[Opening Information given section]

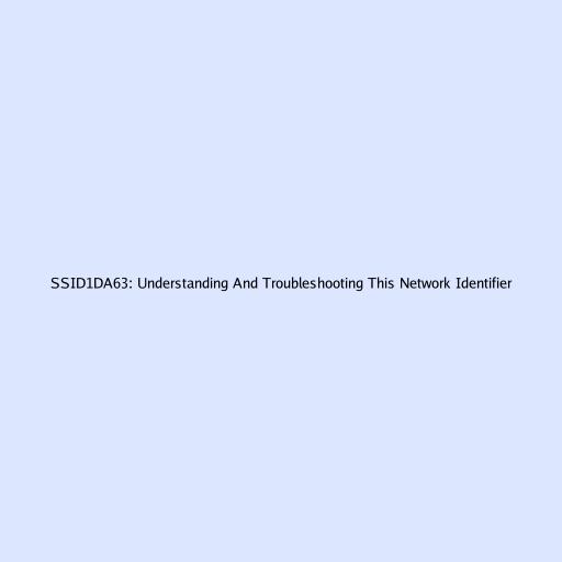 SSID1DA63: Understanding And Troubleshooting This Network Identifier
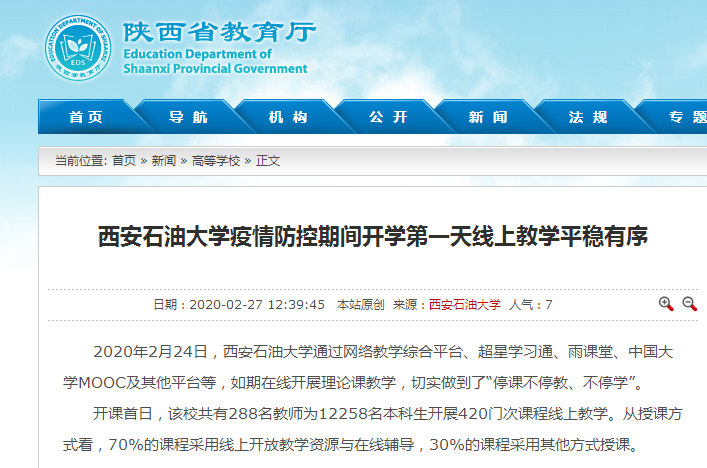 2020年2月24日,西安石油大學通過網(wǎng)絡(luò)教學綜合平臺、超星學習通、雨課堂、中國大學MOOC及其他平臺等,如期在線開展理論課教學,切實做到了“停課不停教、不停學”。
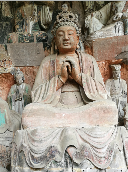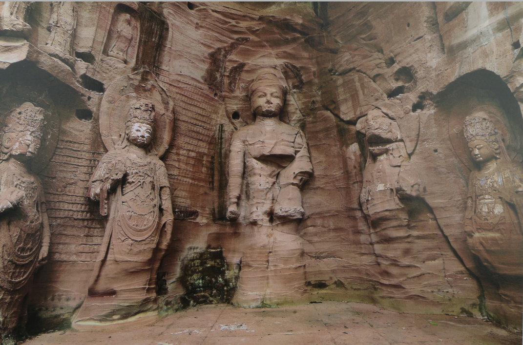 鉴于上述,如果喻中国佛教石刻艺术是一首词的话,那么安岳的这个“承上(龙门石窟)启下(大足石刻)”便有了这首词上下阕之间“过渡”的意义,注定了它在中国佛教史和佛教雕刻艺术上的特殊地位。
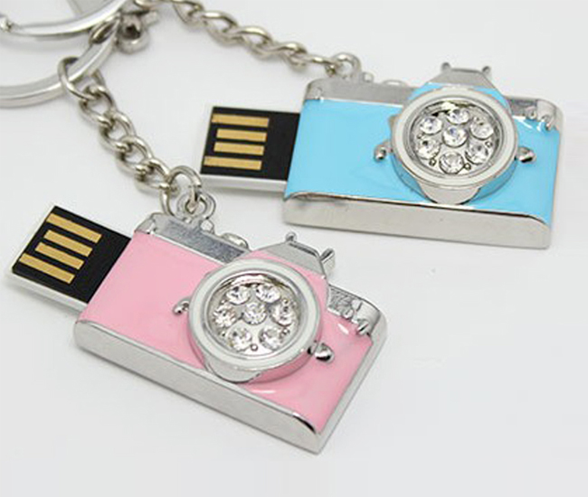 這款相機珠寶U盤,外形精致逼真,金屬部分采用鋅合金電鍍工藝制作,光滑平整,正面粉紅、藍色色等部位則是滴油工藝制成,加上水晶鉆石作為點綴,時尚可愛,精美絕倫!
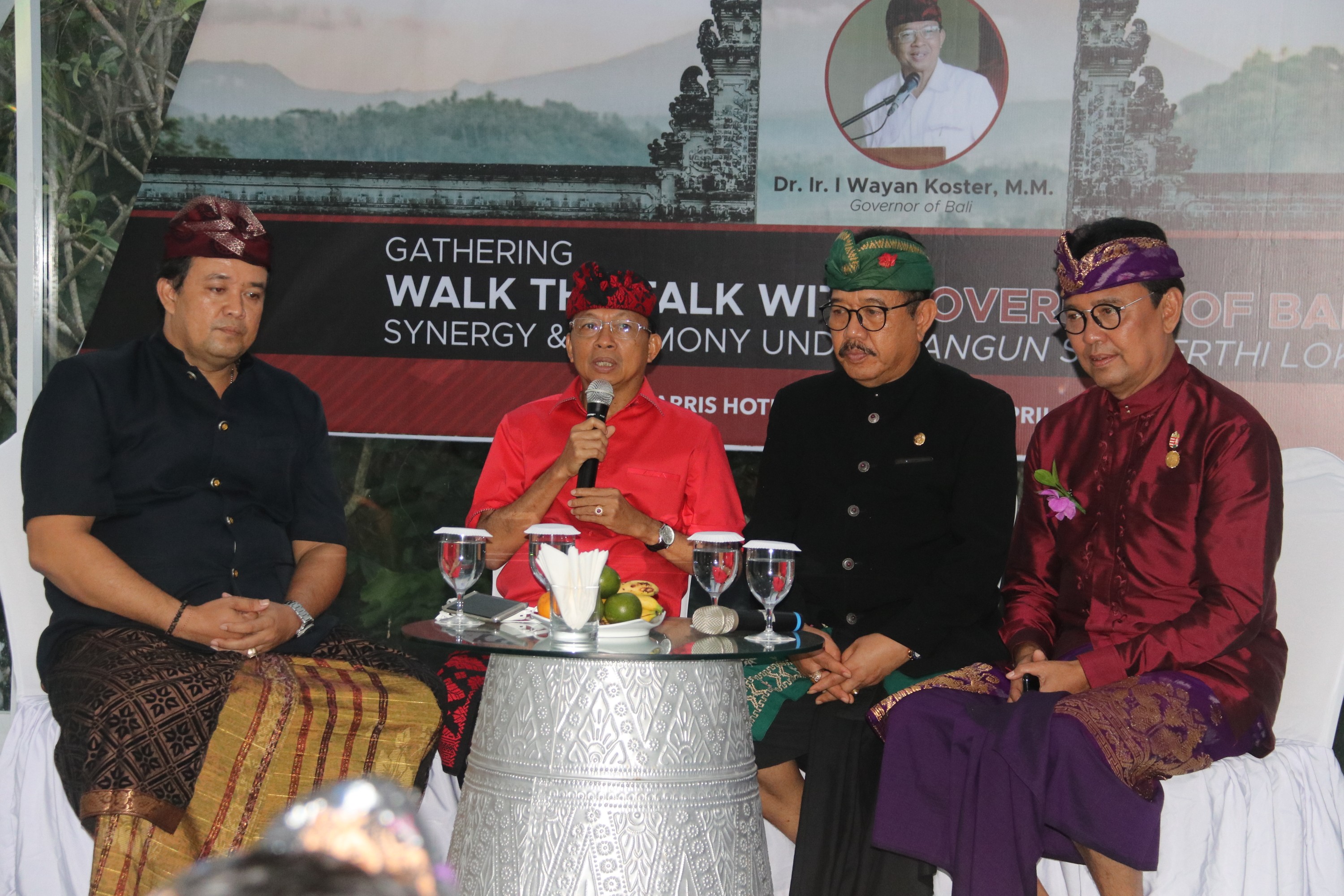 Acara bertajuk ‘Walk The Talk with Governor of Bali : Sinergy and Harmony Under Nangun Sat Kerthi Loka Bali’ yang diselenggarakan di Harris Hotel, Sunset Road Kuta, Kamis (11/4) petang.
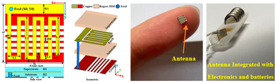 - Islam, S.M.; Esselle, K.P.; Bull, D.; Pilowsky, P.M. Bandwidth enhancement of an implantable RFID tag antenna at 900 MHz ISM band for RF telemetry. In Proceedings of the 2012 International Symposium on Communications and Information Technologies, Gold Coast, Australia, 2–5 October 2012; pp. 741–745. [Google Scholar] [CrossRef]
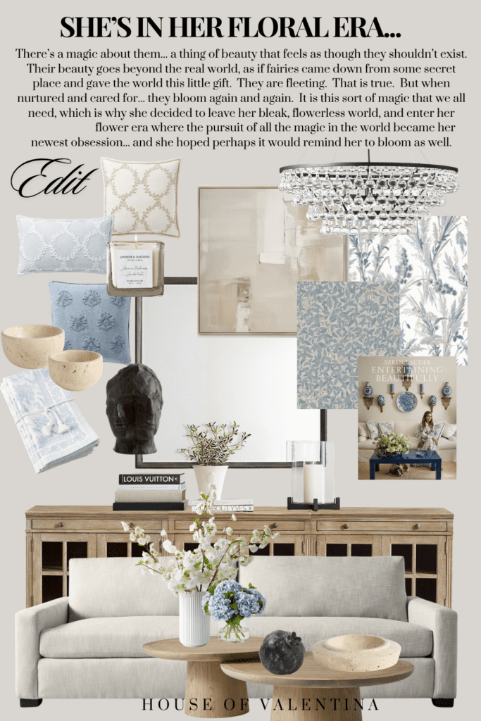 There’s something optimistic and hopeful about this palette and the infusion of florals. It is… intoxicating. I can’t get enough… as in, I’m ordering blue tile samples, floral books, and even floral wallpaper. Gasp. I KNOW!! Insert Jack checking my temp!

[Closing Information given section]

#### Description of the task:
Could you transcribe exactly the entries above, but only the lines from the one with "2020年2月24日,西安石" through the one with "鉴于上述,如果喻中国佛教石刻", and without pictures?

#### Answer space:
 2020年2月24日,西安石油大學通過網(wǎng)絡(luò)教學綜合平臺、超星學習通、雨課堂、中國大學MOOC及其他平臺等,如期在線開展理論課教學,切實做到了“停課不停教、不停學”。
 鉴于上述,如果喻中国佛教石刻艺术是一首词的话,那么安岳的这个“承上(龙门石窟)启下(大足石刻)”便有了这首词上下阕之间“过渡”的意义,注定了它在中国佛教史和佛教雕刻艺术上的特殊地位。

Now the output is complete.